3.1. Network Architecture

UNet++ enhances feature fusion between the encoder and decoder through nested skip pathways and multi-level decoding paths, enabling comprehensive multi-scale feature integration and efficient propagation for more discriminative representations. However, UNet++ still faces limitations in segmenting fine vascular structures. To address this, DMF-Net builds upon UNet++ with targeted improvements designed to better preserve fine vessel details and enhance both structural and semantic segmentation performance.

Regarding module deployment, DMF-Net incorporates DBBLayer modules in shallow encoding stages to preserve fine vascular structures from high-resolution features, while ALHA modules in deep decoding stages capture both global vessel trajectories and local boundary details through multi-scale feature integration. In contrast to approaches that apply modules uniformly across all network layers, DMF-Net strategically deploys specific modules at key positions, avoiding redundant configurations and controlling computational complexity. The overall architecture is illustrated in Figure 1.

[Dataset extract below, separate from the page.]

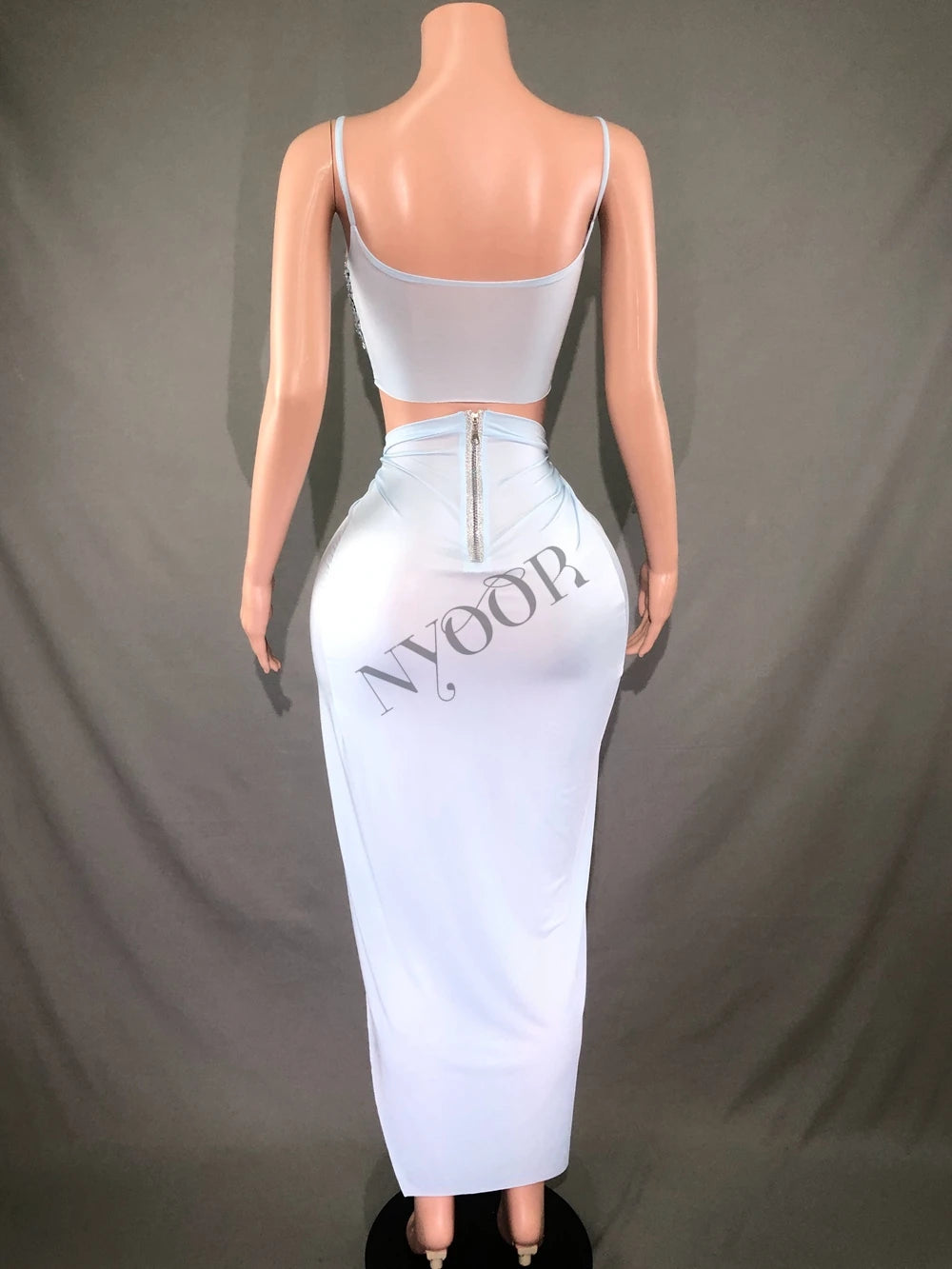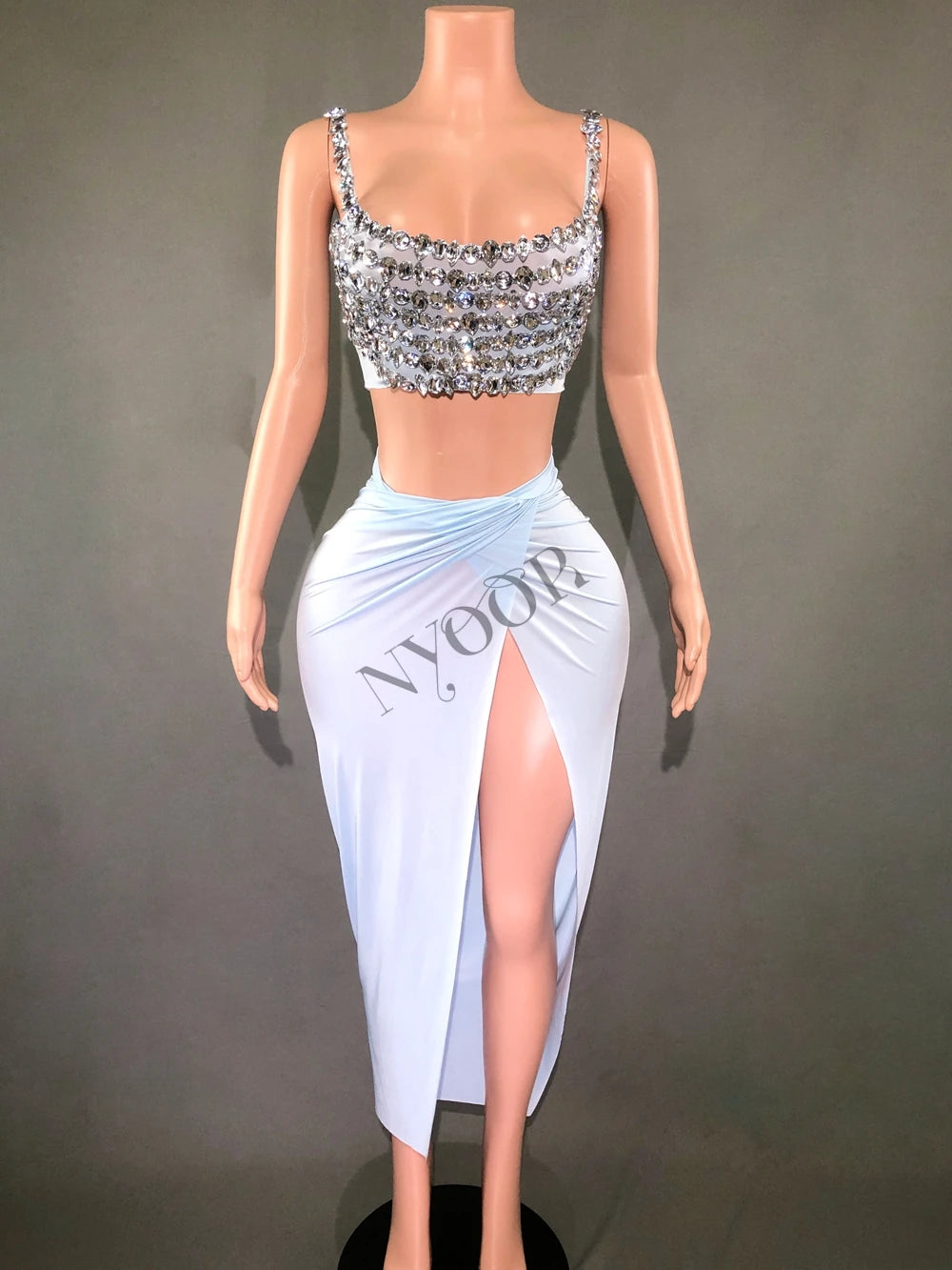 Sparkly Rhinestones Crop Tops High Split Skirt for Women Evening Party Birthday Photo Shoot Dress Singer Dancer Show Stage Wear
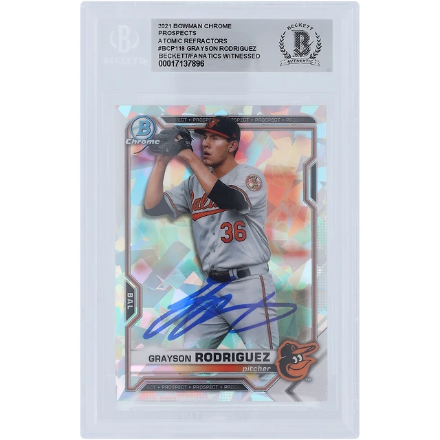 Grayson Rodriguez Baltimore Orioles Autographed 2021 Bowman Chrome Prospects Atomic Refractor #BCP-118 Beckett Fanatics Witnessed Authenticated Card

Figure 1. Overall network architecture.

As illustrated in Figure 1, the network architecture employs a strategic module deployment scheme. DBBLayer modules are inserted between encoder nodes

X_{0,0} - X_{1,0}

and

X_{1,0} - X_{2,0}

during downsampling to preserve fine-grained vascular structures and prevent information loss in deep layers. ALHA modules are positioned after decoder node

X_{0,4}

, between nodes

X_{1,3} - X_{2,2}

, and between nodes

X_{3,0} - X_{4,0}

, where they leverage multi-scale feature convergence to integrate skip connections from different encoding levels. Through its global-local attention mechanism, ALHA simultaneously captures long-range vessel continuity and local boundary details during upsampling. This design—feature preservation in shallow layers and semantic enhancement in deep layers—synergistically optimizes segmentation performance.

3.2. Dynamic Buffer–Bottleneck–Buffer Layer

Traditional downsampling operations, such as max pooling and strided convolution, tend to attenuate responses in complex regions containing small vessels, structural boundaries, and bifurcations, compromising the model’s capacity for fine-grained structure recognition. To mitigate this limitation, we propose a Dynamic Buffer–Bottleneck–Buffer Layer (DBBLayer) that synergizes attention mechanisms with lightweight convolution. Through a three-stage pipeline—pre-enhancement, compression, and post-enhancement—DBBLayer amplifies responses to small-scale structures while preserving spatial boundary integrity. The pre-enhancement stage leverages attention to accentuate critical regions (e.g., vessels) and suppress background interference. The bottleneck module employs depthwise separable convolution to achieve efficient feature compression with minimal information loss. The post-enhancement stage recovers fine-grained details through spatial and channel attention, thereby strengthening recognition capability. Figure 2 illustrates the overall architecture.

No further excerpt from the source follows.